Die Flag [ C]....(Chain)...bedeutet, dass diese Rule mit der nächsten verknüpft ist....nur wenn die erste Rule zutreffend war, wird die Zweite beachtet.

Es wird also erstmal geprüft, ob es sich bei der Anfrage nicht um die index.php selbst handelt(die würde ja sonst auch umgeschrieben werden).

In der nächsten Zeile wird dann alles an die index.php rangehängt....der HOST spielt ja, wie bereits erwähnt, keine Rolle.


----------



## Andreas Späth (8. September 2004)

Hallöchen

Sowas hab ich diese Tage auch vorgehabt 
Hätte da aber auch noch ne kleine Frage dazu 

Wenn ich nun dass so mache wie fatalus geschrieben hat.
Dann wird doch auch wenn ich zB. "www.domain.de/images/image1.jpg" aufrufe das vom Server verarbeitet wie "index.php/images/image1.jpg" oder ?

Wie kann ich einzelne Verzeichnisse von dieser Regel ausschliesen ?
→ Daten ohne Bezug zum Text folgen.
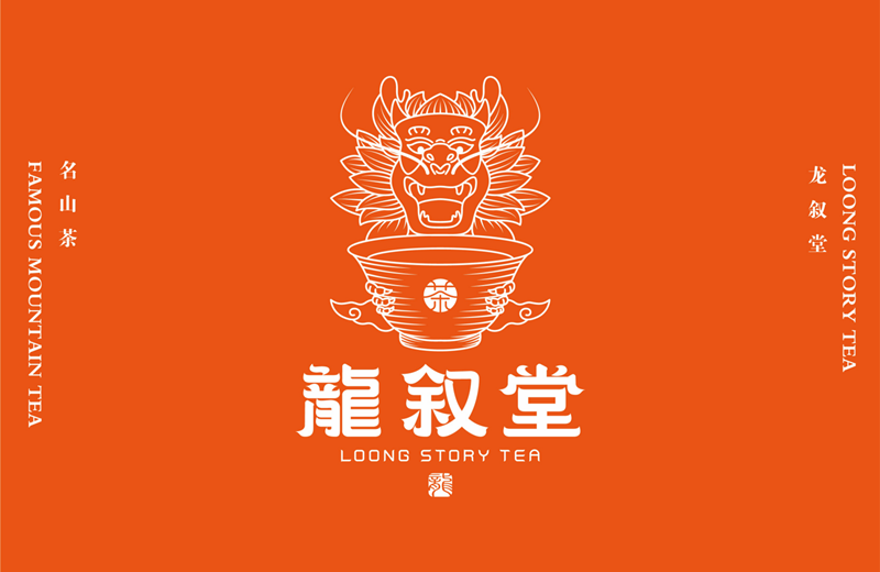 龙叙堂标志以文字与图形融汇展现,以国潮风格描绘龙首盘于茶碗之上,由龙的目光引导入茶碗中,碗内斟满香浓茶汤。龙首面部开口笑颜,端正而不失喜庆,古韵而不失新潮,中英文灵感以龙爪弧度出发,采用繁体汉字设计,使图形与汉字的搭配相得益彰,具备独有的视觉识别。

Ich weiss ist ne blöde Frage aber von .htaccess hab ich null Peilung, und das obwohl ich schon soviel zu dem Thema gelesen hab


----------



## chegga (8. September 2004)

@ fatalus,
besten Dank!

@ DJ Teac,
vielleicht kannst Du dir es ja zum Vorteil machen und die Grafikanfragen ueber das Skript entsprechend ausfuehren (und nicht direkt ausgeben).


----------



## Andreas Späth (8. September 2004)

@Chegga: Stimmt, dassich darauf nicht selbst gekommen bin 
Ich bau meinen Bilderklau einfach direkt in das Script mit ein


----------



## chegga (8. September 2004)

Genau, nur gibt es da noch das Problem, wie Du intern die Bilder aufrufen kannst


----------



## Andreas Späth (8. September 2004)

intern sollte das ja kein Problem sein, das php script wird ja nicht von Mod_rewrite beeinflusst bei seinen Werken.


----------



## chegga (8. September 2004)

Wenn du eine Grafik laedst muesste der Pfad auch mit mod_rewrite umgeschrieben werden.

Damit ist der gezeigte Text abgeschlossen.